→ Excerpted data:
• • •

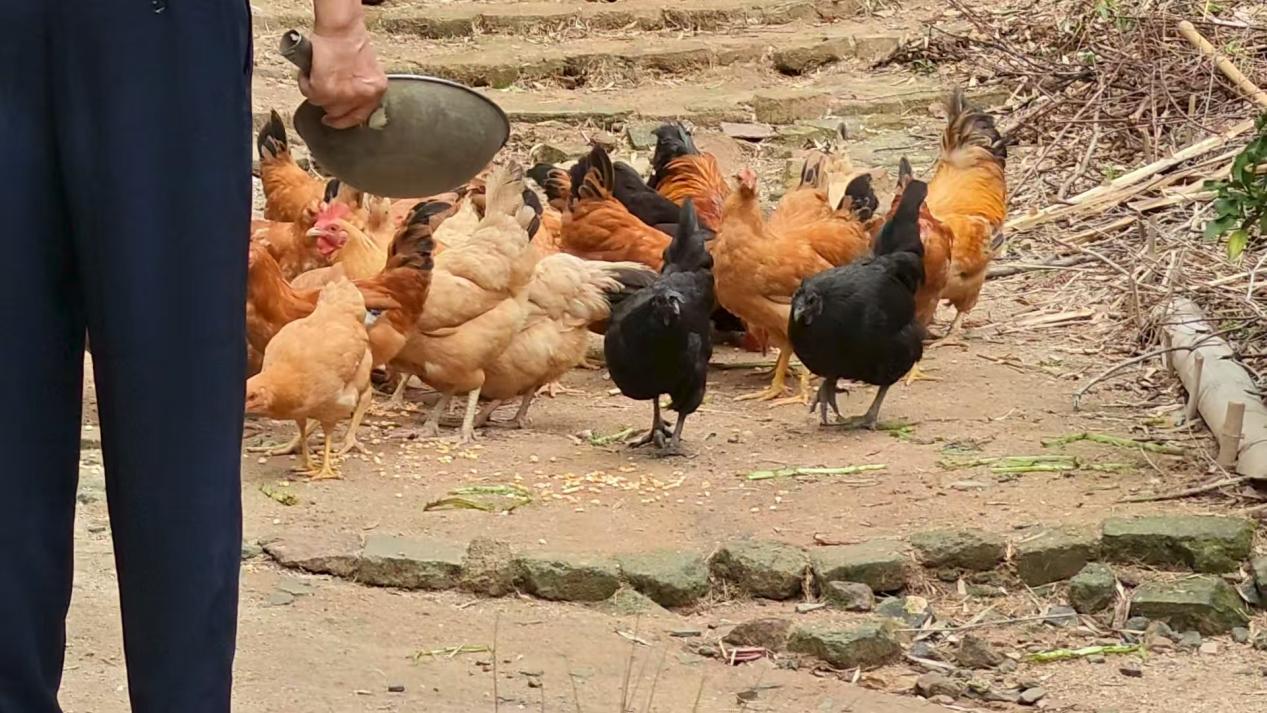 當年春天,扶貧隊送來50只皖南土雞苗,還有消毒水、飼料和簡易雞棚搭建材料。看著毛茸茸的雞苗在院子里啄食,陳嬸竟露出了久違的笑容,主動幫著包伯給雞添水喂食。“從那天起,她好像有了牽掛,精神頭都好了不少。”包伯說,妻子的變化讓他更堅定了養好雞的決心。
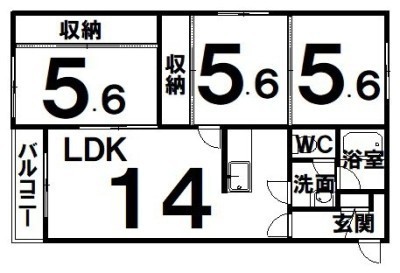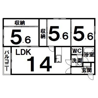 3LDK(66.4m²)└ LDK14×洋5.6×洋5.6×洋5.6
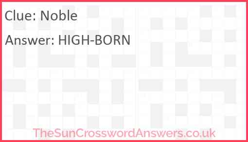Noble is a crossword clue for which we have 2 possible answer and we have spotted 4 times in our database. This crossword clue was last seen on 14 November 2022 in The Sun Coffee Time Crossword puzzle!
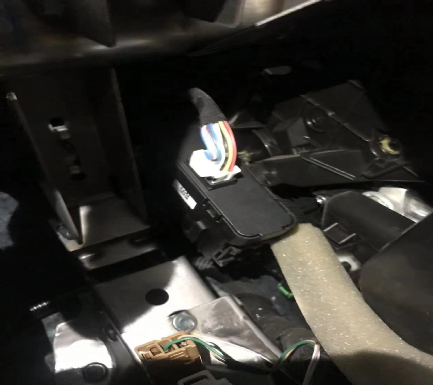 将设备与专用线束连接好,再与汽车相连接,如下图所示: 网关在刹车上分20公分靠近方向管柱处,有些车网关是16针插头,有些是32针插头,这个车是16针插头,所以将网关上的16针插头拔下来连接到我们的16+32连接线上(所以专用线束上的两个插头只需要插上一个即可)。
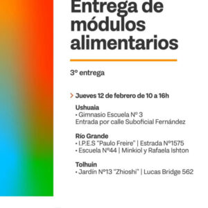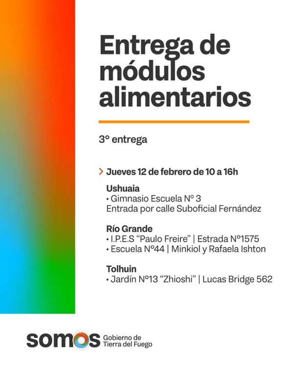 • En Ushuaia será en el Gimnasio de la Escuela Nº 3 (entrada por Calle Suboficial Fernández); en Río Grande en el I.P.E.S “Paulo Freire” (Estrada N°1575) y en la Escuela N°44 (Minkiol y Rafaela Ishton) y en la ciudad de Tolhuin será en el Jardín N°13 “Zhioshi” (Lucas Bridge 562).    Para mayor información podrán comunicarse de 11:00 a 16:00 horas únicamente con las oficinas de Comedores Escolares Ushuaia (02901) 15405104.
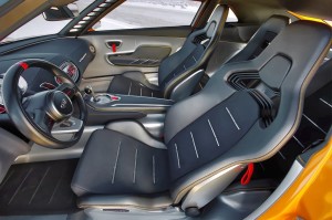 Όταν κάποιος εισέλθει στο εσωτερικό του GT4 Stinger, θα παρατηρήσει από την αρχή και για την ακρίβεια από την πρώτη του επαφή με τις χειρολαβές της πόρτας, την προσπάθεια της Kia να μειώσει το βάρος. Η επιφάνεια από τα πόδια του οδηγού έως και κάτω από τα πετάλια αλουμινίου, έχει φτιαχτεί από καουτσούκ και δεν υπάρχει πατάκι να την καλύπτει. Πίσω από το τιμόνι με την επίπεδη κάτω πλευρά σε σχήμα Dβρίσκεται ο πίνακας οργάνων ο οποίός εφοδιάζεται με LED φωτισμό. Για να δώσουν οι άνθρωποι της Kia μια αίσθηση αυτοκινήτου πίστας στο εσωτερικό δεν έχουν εφοδιάσει με κάποιο σύστημα ήχου το GT4 Stinger, δηλώνοντας πως η μουσική ξεκινά κάτω από το εμπρός καπό και τα ηχεία είναι οι εξατμίσεις.
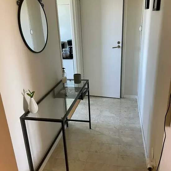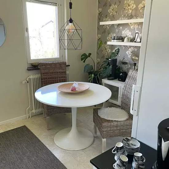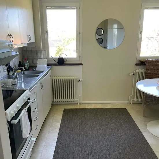 I am renting out my one-bedroom apartment to try living with my boyfriend. It takes about 20 minutes by bus to get to Gothenburg city center. There is a neighborhood shop a couple of hundred meters away. The apartment is very nicely situated, close to lakes and nature. Electricity and broadband are not included in the rent. Parking is available if desired for about 400 SEK per month. Pets and indoor smoking are not allowed. There is no dishwasher. The laundry room is four flights down.
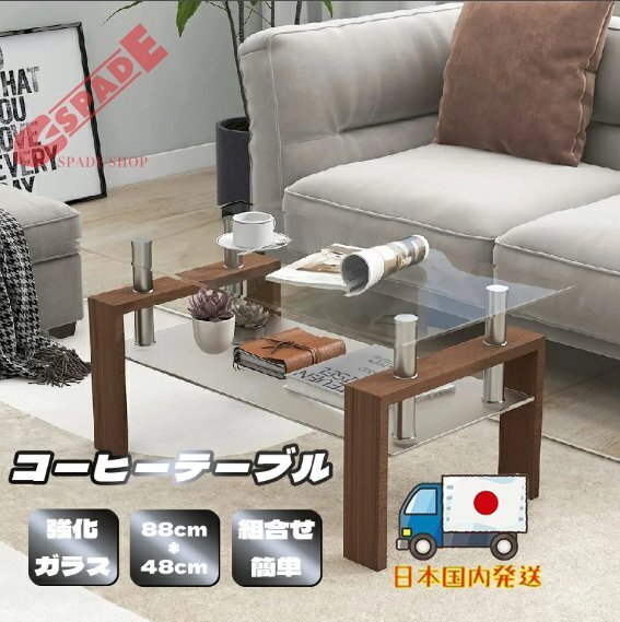 - 【国内発送】ガラステーブル コーヒーテーブル 幅88cm 強化ガラス天板
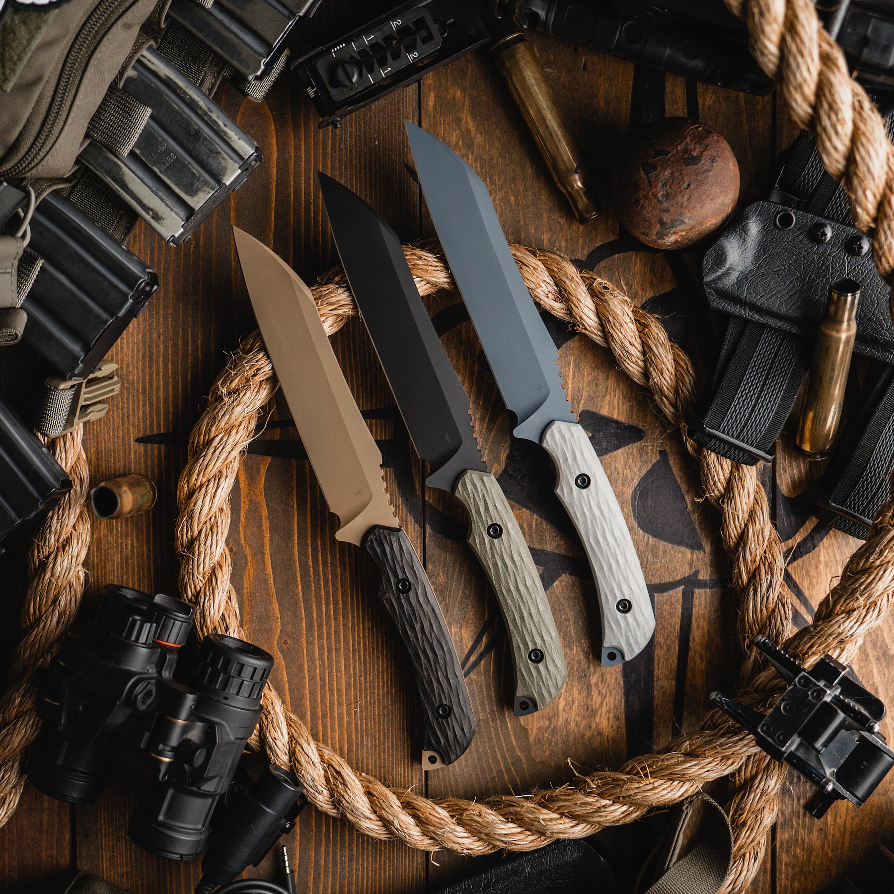 Another iconic knife that combines Toor’s premium bladesmithing capabilities with Skallywag’s combative and application competence, the Limited Edition Fathom was designed and built with precision and practicality to tackle jobs reserved for heavy blades. With an overall length of 11.5" and weight of 12.2 oz., the Fathom isn’t for Landlubbers! This unique, state-of-the-art knife combines aspects of traditional Wharncliffe, Sheepsfoot and Drop Point blade shapes and is made from D2 steel, which has high wear and abrasion resistant properties.
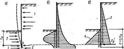 При расчете свободно стоящей стены в грунте принимается, что под действием активного давления грунта она поворачивается относительно неподвижной точки О, расположенной на некоторой глубине t0 ниже дна котлована (рис. 4.1, а). Выше точки О с наружной стороны стены действует пассивное давление грунта, а с внутренней — активное, ниже точки, О - наоборот. Устойчивость стены обеспечивается её равновесным состоянием от действия активного и пассивного давлений грунта.
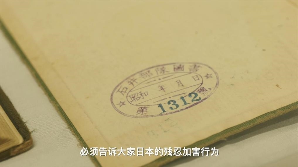 圖為飯?zhí)锸泻推狡砟铕^展廳內(nèi)展出的蓋有“石井部隊”印章的《人體解剖學(xué)》書籍內(nèi)頁。(視頻截圖)
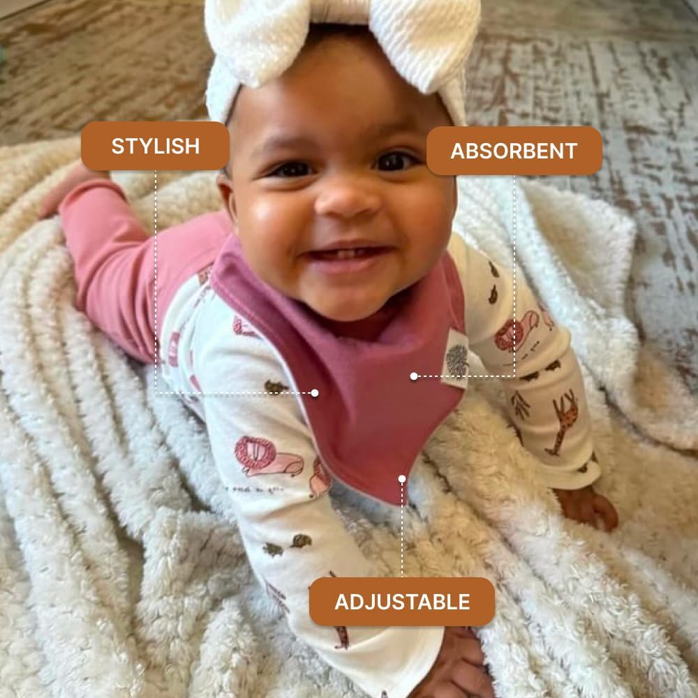 - SUPER SOFT, ABSORBENT & MESS-READY – Made with 100% cotton on the front and soft, absorbent polyester backing, these bibs catch drool, spit-up, and food messes, keeping baby dry, comfortable, and stylish all day long.
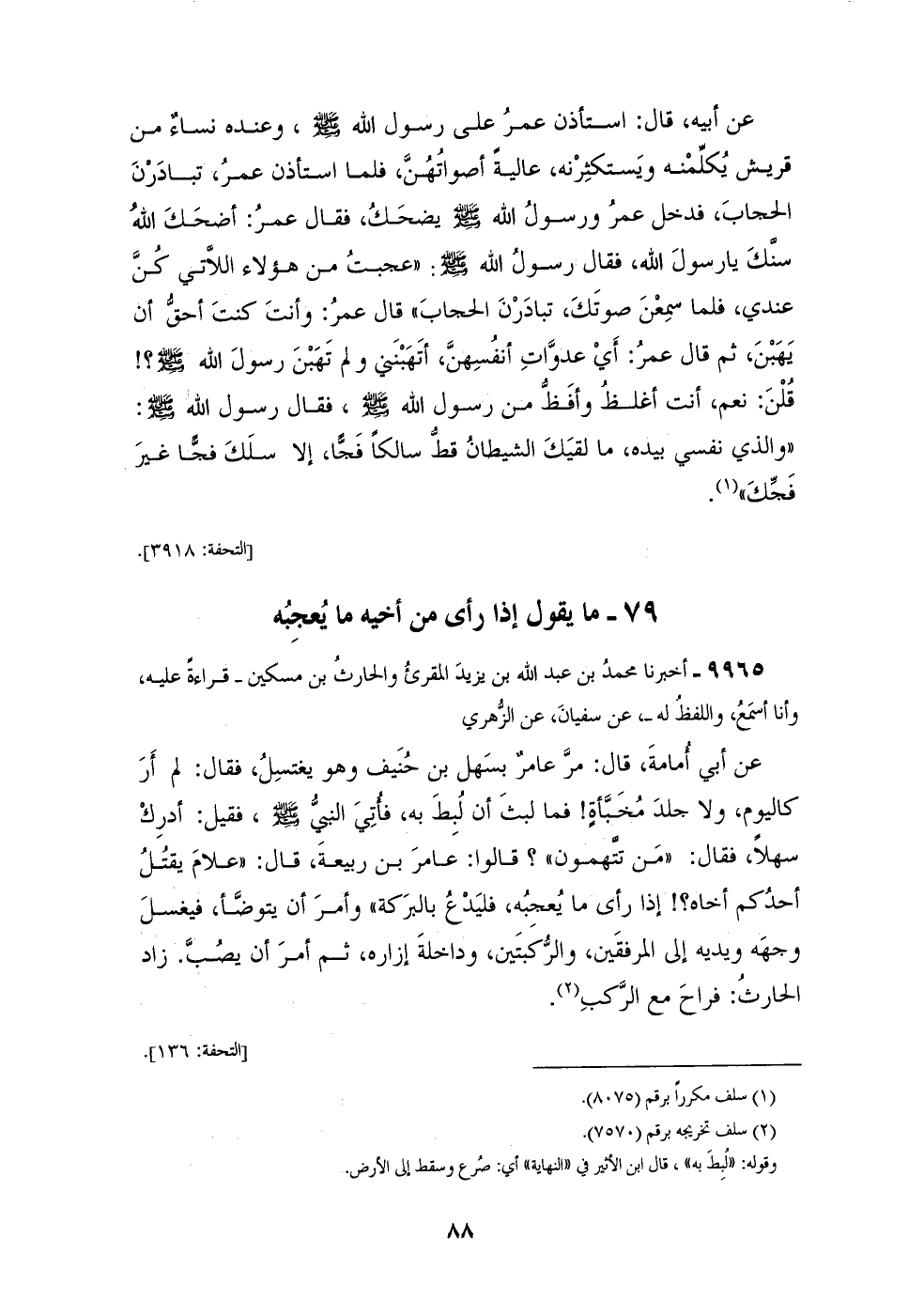 9965 - أَخْبَرَنَا مُحَمَّدُ بْنُ عَبْدِ اللهِ بْنِ يَزِيدَ الْمُقْرِئُ، وَالْحَارِثُ بْنُ مِسْكِينٍ قِرَاءَةً عَلَيْهِ وَأَنَا أَسْمَعُ وَاللَّفْظُ لَهُ عَنْ سُفْيَانَ، عَنِ الزُّهْرِيِّ، عَنْ أَبِي أُمَامَةَ قَالَ: مَرَّ عَامِرٌ بِسَهْلِ بْنِ حُنَيْفٍ وَهُوَ يَغْتَسِلُ فَقَالَ: لَمْ أَرَ كَالْيَوْمِ وَلَا جِلْدَ مُخَبَّأَةٍ، فَمَا لَبِثَ أَنْ لَبِطَ بِهِ، فَأَتَى النَّبِيَّ صَلَّى اللهُ عَلَيْهِ وَسَلَّمَ فَقِيلَ: أَدْرِكْ سَهْلًا فَقَالَ: «مَنْ تَتَّهِمُونَ؟» قَالُوا: عَامِرُ بْنُ رَبِيعَةَ قَالَ: «§عَلَّامَ يَقْتَلُ أَحَدُكُمْ أَخَاهُ؟ إِذَا رَأَى مَا يُعْجِبُهُ فَلْيَدْعُ بِالْبَرَكَةِ» وَأَمَرَ أَنْ يَتَوَضَّأَ فَيَغْسِلَ وَجْهَهُ وَيَدَيْهِ إِلَى الْمِرْفَقَيْنِ، وَالرُّكْبَتَيْنِ، وَدَاخِلَةَ إِزَارِهِ، ثُمَّ أَمَرَ أَنْ يَصُبَّ، زَادَ الْحَارِثُ: فَرَاحَ مَعَ الرَّكْبِ
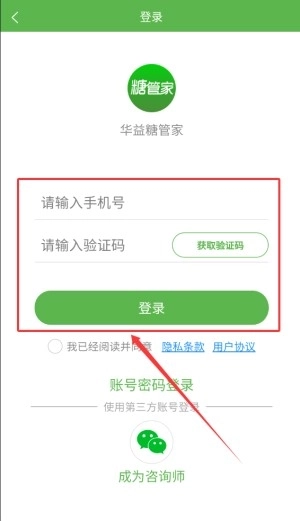2、输入手机号码并获取短信验证码,完成登录验证步骤后,就能顺利进入软件内部。
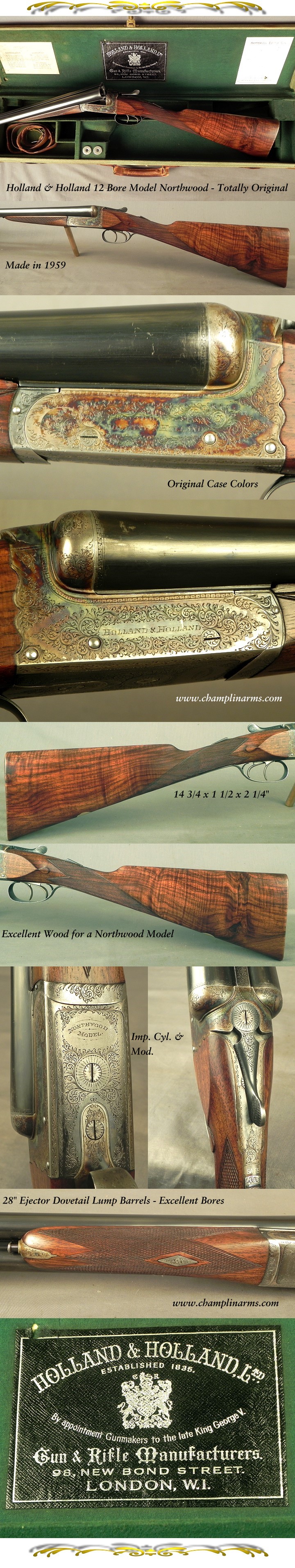 #37015, Holland & Holland, 98 New Bond Street, London: An Original 12 Bore Holland & Holland Model Northwood Deluxe Anson & Deeley Boxlock Ejector Made 1959 with 28" Dovetail Lump Barrels at .728 .009 & .021" (Imp.Cyl. & Mod.), Original 2 1/2" chambers, Proved at 3 Tons, Scalloped action back, Double triggers, Splinter forend with a Frontal Anson & Deeley release, Straight hand stock at 14 3/4 x 1 1/2 x 2 1/4" over a full face checkered butt, Only 6 lbs. 6 oz., 85% coverage of scroll engraving, A very nice piece of wood with a lot of fiddleback and excellent black/brown contrast, It is one of the better pieces of wood I have seen on a Model Northwood, This piece retains 94% original case colors, 97% original barrel blue, The wood with original finish that remains 96% with very light scattered handling marks, The checkering is at 99%, The bores are excellent plus and it remains smack on the face. The whole is cased in an original leather cornered Canvas trunk with original trade labels. This piece handles and points with ease and is the ideal light upland gun at 6 lbs. 6 oz. for those that want a very attractive priced English game gun.
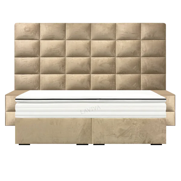 Het hoofdbord bestaat uit drie delen met royale afmetingen van 265 cm breed en 180 cm hoog. Dit maakt het bed niet alleen visueel aantrekkelijk, maar biedt ook extra comfort als je rechtop wilt zitten om te lezen of ontspannen. Bovendien worden twee bijpassende nachtkastjes meegeleverd, die zorgen voor praktische opbergruimte en de perfecte finishing touch van jouw slaapkamerinrichting.
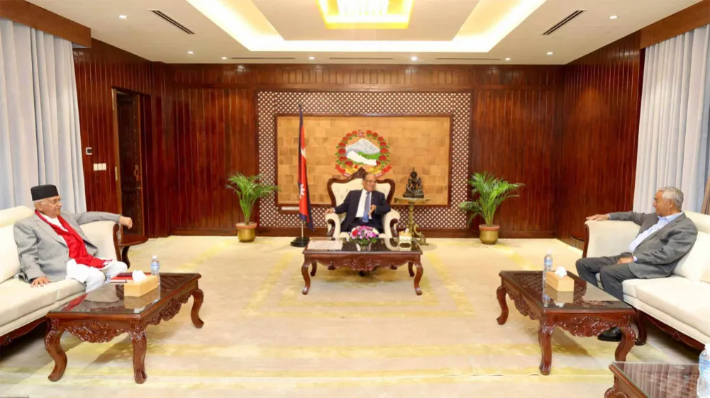 काठमाडौँ : प्रधानमन्त्री पुष्पकमल दाहाल, प्रमुख प्रतिपक्षी दल कांग्रेसका सभापति शेरबहादुर देउवा र सत्तारुढ एमालेका अध्यक्ष केपी शर्मा ओलीबीच भेटवार्ता भएको छ ।
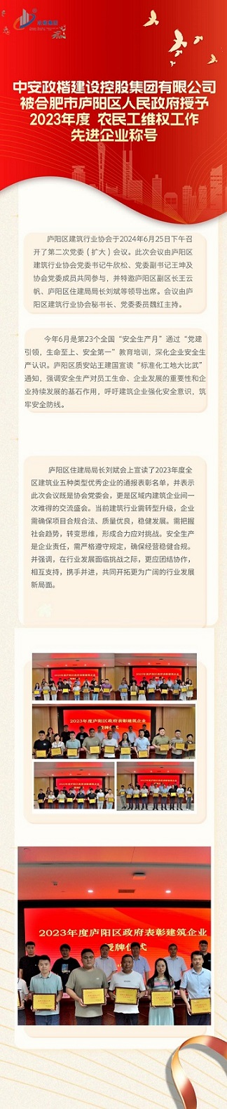 中安政楷建设控股集团有限公司被合肥市庐阳区人民政府授予2023年度 农民工维权工作 先进企业称号
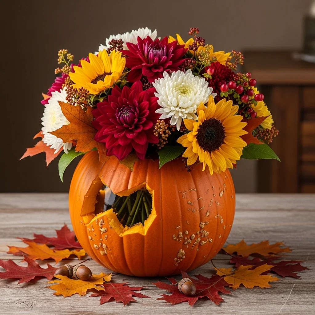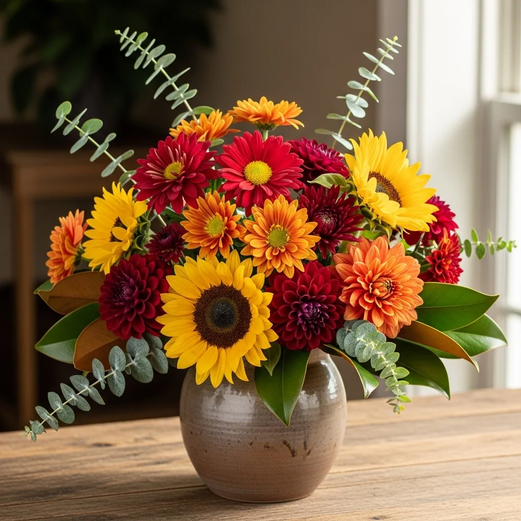 Choose seasonal blooms like chrysanthemums, sunflowers, and dahlias in rich autumn colors. Use a vase that complements the flowers—consider ceramic or glass in earthy tones. For an extra touch, add sprigs of eucalyptus or seasonal greenery like magnolia leaves.

• • •

Pictures do not belong in the answer. Return the lines above starting at the one with "- SUPER SOFT, ABSORBENT" and ending at the one with "2、输入手机号码并获取短信验证码,完成登录验证步骤后,就能顺利进入软件内部。", both kept, exactly.

 - SUPER SOFT, ABSORBENT & MESS-READY – Made with 100% cotton on the front and soft, absorbent polyester backing, these bibs catch drool, spit-up, and food messes, keeping baby dry, comfortable, and stylish all day long.
 9965 - أَخْبَرَنَا مُحَمَّدُ بْنُ عَبْدِ اللهِ بْنِ يَزِيدَ الْمُقْرِئُ، وَالْحَارِثُ بْنُ مِسْكِينٍ قِرَاءَةً عَلَيْهِ وَأَنَا أَسْمَعُ وَاللَّفْظُ لَهُ عَنْ سُفْيَانَ، عَنِ الزُّهْرِيِّ، عَنْ أَبِي أُمَامَةَ قَالَ: مَرَّ عَامِرٌ بِسَهْلِ بْنِ حُنَيْفٍ وَهُوَ يَغْتَسِلُ فَقَالَ: لَمْ أَرَ كَالْيَوْمِ وَلَا جِلْدَ مُخَبَّأَةٍ، فَمَا لَبِثَ أَنْ لَبِطَ بِهِ، فَأَتَى النَّبِيَّ صَلَّى اللهُ عَلَيْهِ وَسَلَّمَ فَقِيلَ: أَدْرِكْ سَهْلًا فَقَالَ: «مَنْ تَتَّهِمُونَ؟» قَالُوا: عَامِرُ بْنُ رَبِيعَةَ قَالَ: «§عَلَّامَ يَقْتَلُ أَحَدُكُمْ أَخَاهُ؟ إِذَا رَأَى مَا يُعْجِبُهُ فَلْيَدْعُ بِالْبَرَكَةِ» وَأَمَرَ أَنْ يَتَوَضَّأَ فَيَغْسِلَ وَجْهَهُ وَيَدَيْهِ إِلَى الْمِرْفَقَيْنِ، وَالرُّكْبَتَيْنِ، وَدَاخِلَةَ إِزَارِهِ، ثُمَّ أَمَرَ أَنْ يَصُبَّ، زَادَ الْحَارِثُ: فَرَاحَ مَعَ الرَّكْبِ
2、输入手机号码并获取短信验证码,完成登录验证步骤后,就能顺利进入软件内部。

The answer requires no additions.